Cosa ne pensate dei talent show?
«Per quanto non ci sentiamo vicinissimi al mondo della televisione, non siamo contrari a nessuno spazio in cui potersi esprimere, confrontare, ricevere consigli, cimentarsi con qualcosa di differente dalla semplice sala prove. Qualsiasi contesto può essere un’opportunità, se affrontato nel modo giusto».
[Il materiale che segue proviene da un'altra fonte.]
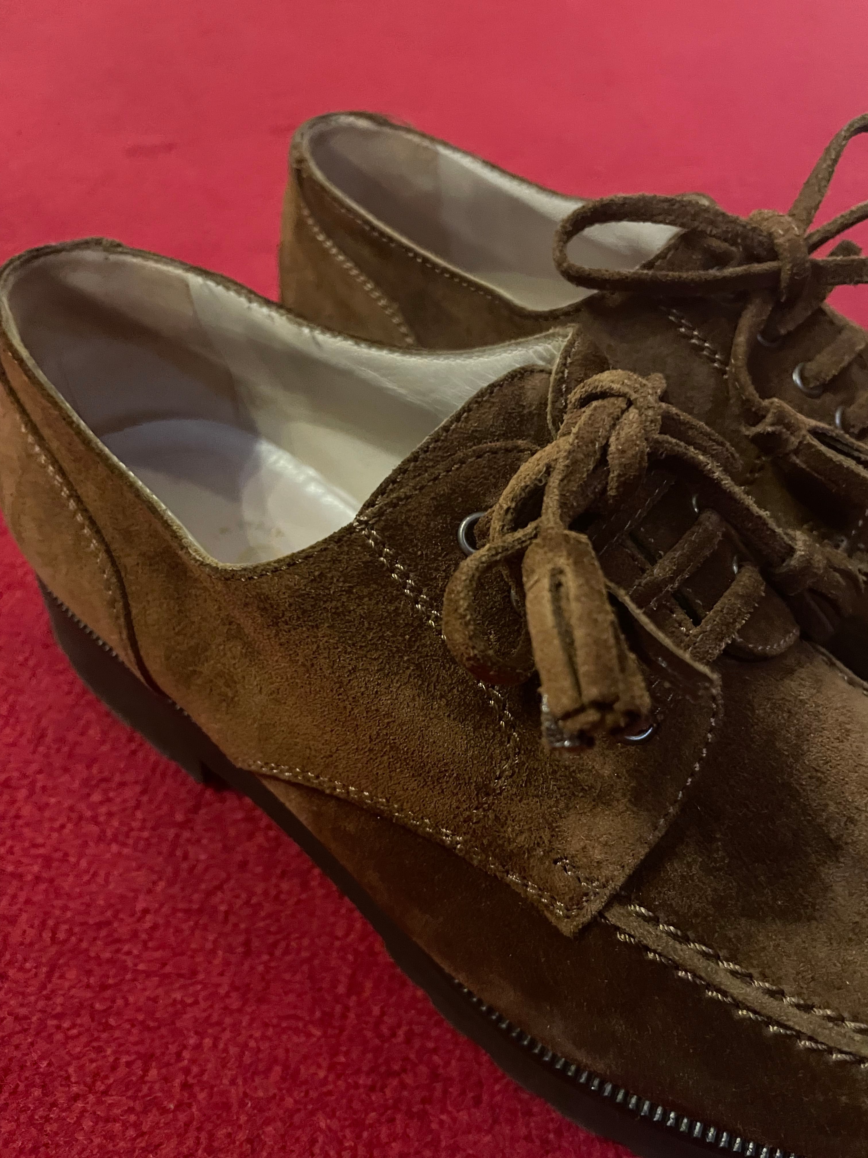 シャネルより、ブラウンスェードのレースアップシューズをご紹介致します。

È da premiare la volontà di suonare e creare qualcosa di innovativo in questo particolare periodo storico. Ci avviamo verso una stagione che, a detta degli esperti, sarà più libera dalle ultime restrizioni. Vi vedremo live questa estate?
«Ci siamo presentati al pubblico in quest’epoca distopica che speriamo volga al termine. Finora siamo riusciti ad esibirci dal vivo pochissimo ed è la cosa che più ci manca. Ma ci stiamo lavorando e con noi una bella squadra che ci supporta. Presto dovremmo essere in grado di svelarvi delle belle novità anche in tal senso».